— Dataset extract —
----

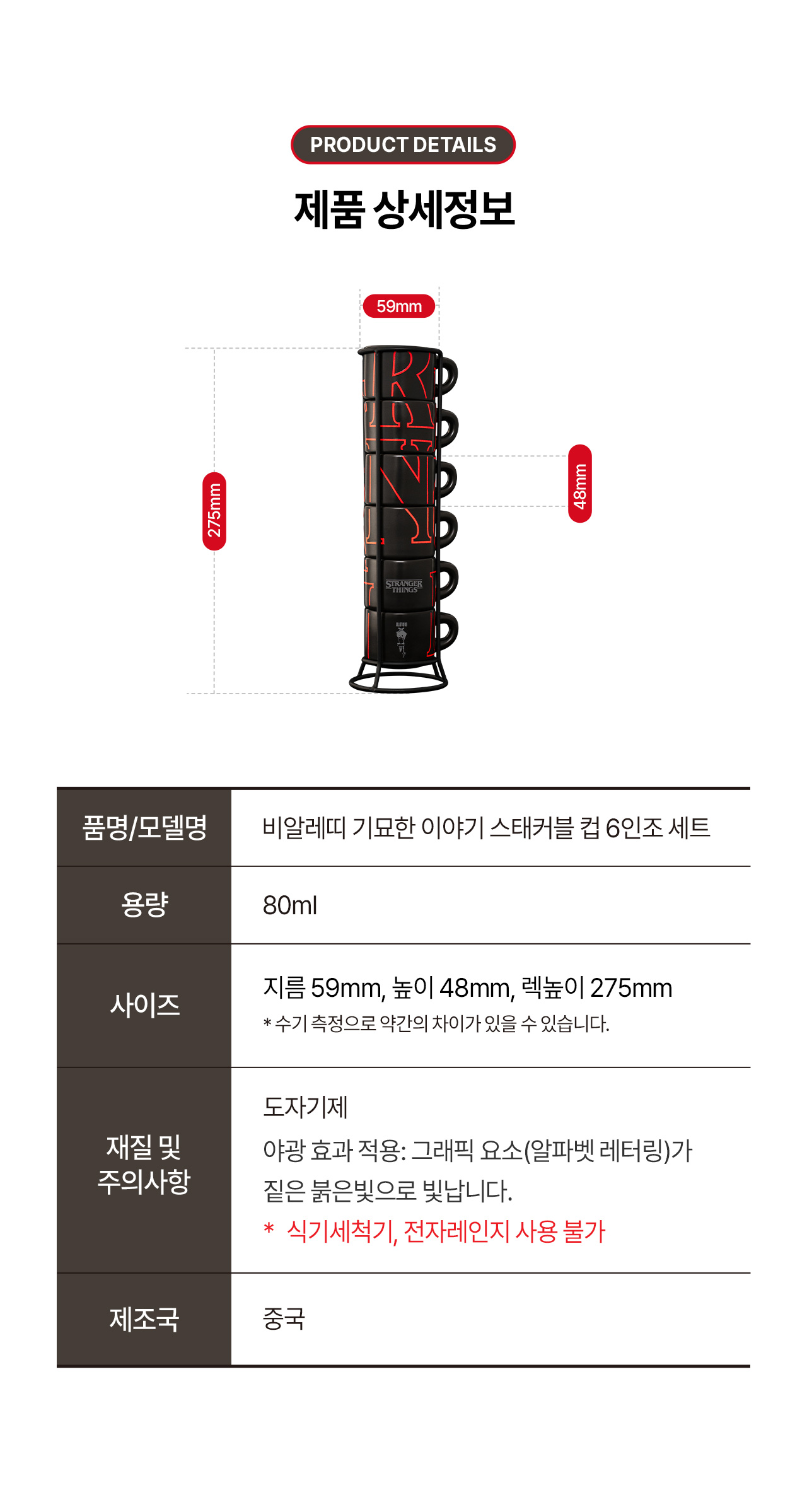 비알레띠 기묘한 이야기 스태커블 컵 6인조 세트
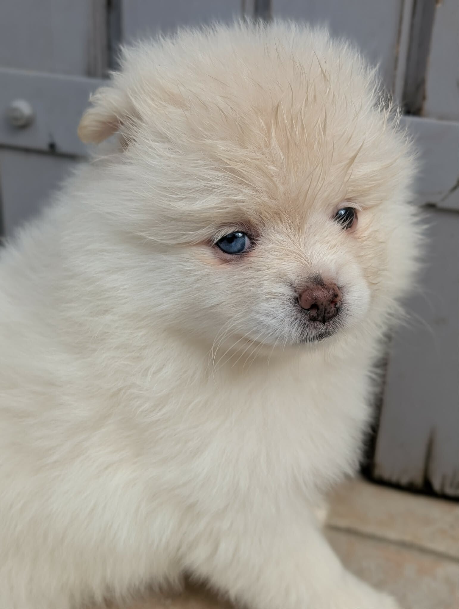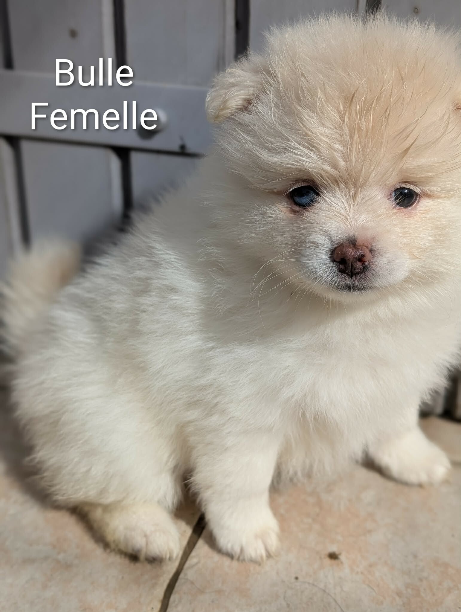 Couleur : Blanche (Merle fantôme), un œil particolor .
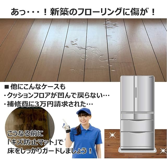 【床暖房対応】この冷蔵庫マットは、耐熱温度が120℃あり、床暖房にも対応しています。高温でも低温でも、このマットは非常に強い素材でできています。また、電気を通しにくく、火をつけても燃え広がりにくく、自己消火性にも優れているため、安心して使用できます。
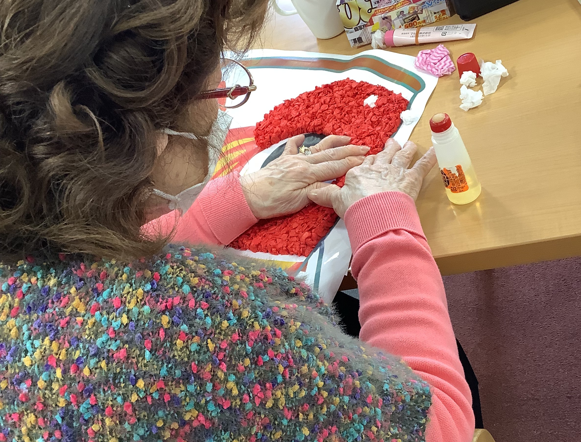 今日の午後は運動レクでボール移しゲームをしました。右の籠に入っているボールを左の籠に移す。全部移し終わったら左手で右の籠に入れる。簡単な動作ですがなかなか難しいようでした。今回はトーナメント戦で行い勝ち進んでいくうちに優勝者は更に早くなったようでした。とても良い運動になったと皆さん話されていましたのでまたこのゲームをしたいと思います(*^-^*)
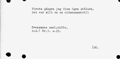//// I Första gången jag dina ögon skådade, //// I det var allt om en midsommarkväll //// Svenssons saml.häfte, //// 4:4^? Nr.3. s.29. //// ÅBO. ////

----

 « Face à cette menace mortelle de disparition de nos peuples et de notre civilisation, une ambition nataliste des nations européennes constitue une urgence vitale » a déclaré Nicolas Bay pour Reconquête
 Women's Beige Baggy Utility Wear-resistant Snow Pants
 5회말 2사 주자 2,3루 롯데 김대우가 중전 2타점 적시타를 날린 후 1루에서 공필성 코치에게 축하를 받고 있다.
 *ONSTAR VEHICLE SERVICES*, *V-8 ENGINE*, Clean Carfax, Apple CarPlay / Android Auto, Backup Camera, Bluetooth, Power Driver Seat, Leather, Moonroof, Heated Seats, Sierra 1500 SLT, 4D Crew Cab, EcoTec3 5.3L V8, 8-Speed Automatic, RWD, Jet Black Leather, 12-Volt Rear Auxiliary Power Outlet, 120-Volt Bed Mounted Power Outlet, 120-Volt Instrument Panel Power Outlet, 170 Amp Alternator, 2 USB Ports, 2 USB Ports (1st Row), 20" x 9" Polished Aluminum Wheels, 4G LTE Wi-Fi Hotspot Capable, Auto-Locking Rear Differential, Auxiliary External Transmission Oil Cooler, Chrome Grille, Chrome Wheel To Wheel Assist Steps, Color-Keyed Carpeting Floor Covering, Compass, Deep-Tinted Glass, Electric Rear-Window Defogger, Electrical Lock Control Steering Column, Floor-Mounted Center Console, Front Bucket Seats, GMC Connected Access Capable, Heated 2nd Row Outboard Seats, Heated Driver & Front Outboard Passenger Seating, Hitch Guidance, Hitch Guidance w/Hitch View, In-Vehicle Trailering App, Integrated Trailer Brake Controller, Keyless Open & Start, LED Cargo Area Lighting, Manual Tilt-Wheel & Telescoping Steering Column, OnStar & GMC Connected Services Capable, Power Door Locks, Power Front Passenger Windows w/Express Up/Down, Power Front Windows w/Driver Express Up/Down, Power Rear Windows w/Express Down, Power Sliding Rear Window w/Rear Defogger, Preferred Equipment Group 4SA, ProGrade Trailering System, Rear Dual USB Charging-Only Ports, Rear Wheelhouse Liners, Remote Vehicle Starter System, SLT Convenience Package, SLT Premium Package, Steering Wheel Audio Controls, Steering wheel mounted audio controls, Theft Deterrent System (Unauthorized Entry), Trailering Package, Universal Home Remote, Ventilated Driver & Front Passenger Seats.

----

— Task item —
Without the pictures, give again exactly the lines above starting at the line containing "비알레띠 기묘한 이야기 스태커블 컵 6인조 세트" and ending at the line containing "s.29. //// ÅBO. ////".

— Result for this exercise —
 비알레띠 기묘한 이야기 스태커블 컵 6인조 세트
 Couleur : Blanche (Merle fantôme), un œil particolor .
 【床暖房対応】この冷蔵庫マットは、耐熱温度が120℃あり、床暖房にも対応しています。高温でも低温でも、このマットは非常に強い素材でできています。また、電気を通しにくく、火をつけても燃え広がりにくく、自己消火性にも優れているため、安心して使用できます。
 今日の午後は運動レクでボール移しゲームをしました。右の籠に入っているボールを左の籠に移す。全部移し終わったら左手で右の籠に入れる。簡単な動作ですがなかなか難しいようでした。今回はトーナメント戦で行い勝ち進んでいくうちに優勝者は更に早くなったようでした。とても良い運動になったと皆さん話されていましたのでまたこのゲームをしたいと思います(*^-^*)
//// I Första gången jag dina ögon skådade, //// I det var allt om en midsommarkväll //// Svenssons saml.häfte, //// 4:4^? Nr.3. s.29. //// ÅBO. ////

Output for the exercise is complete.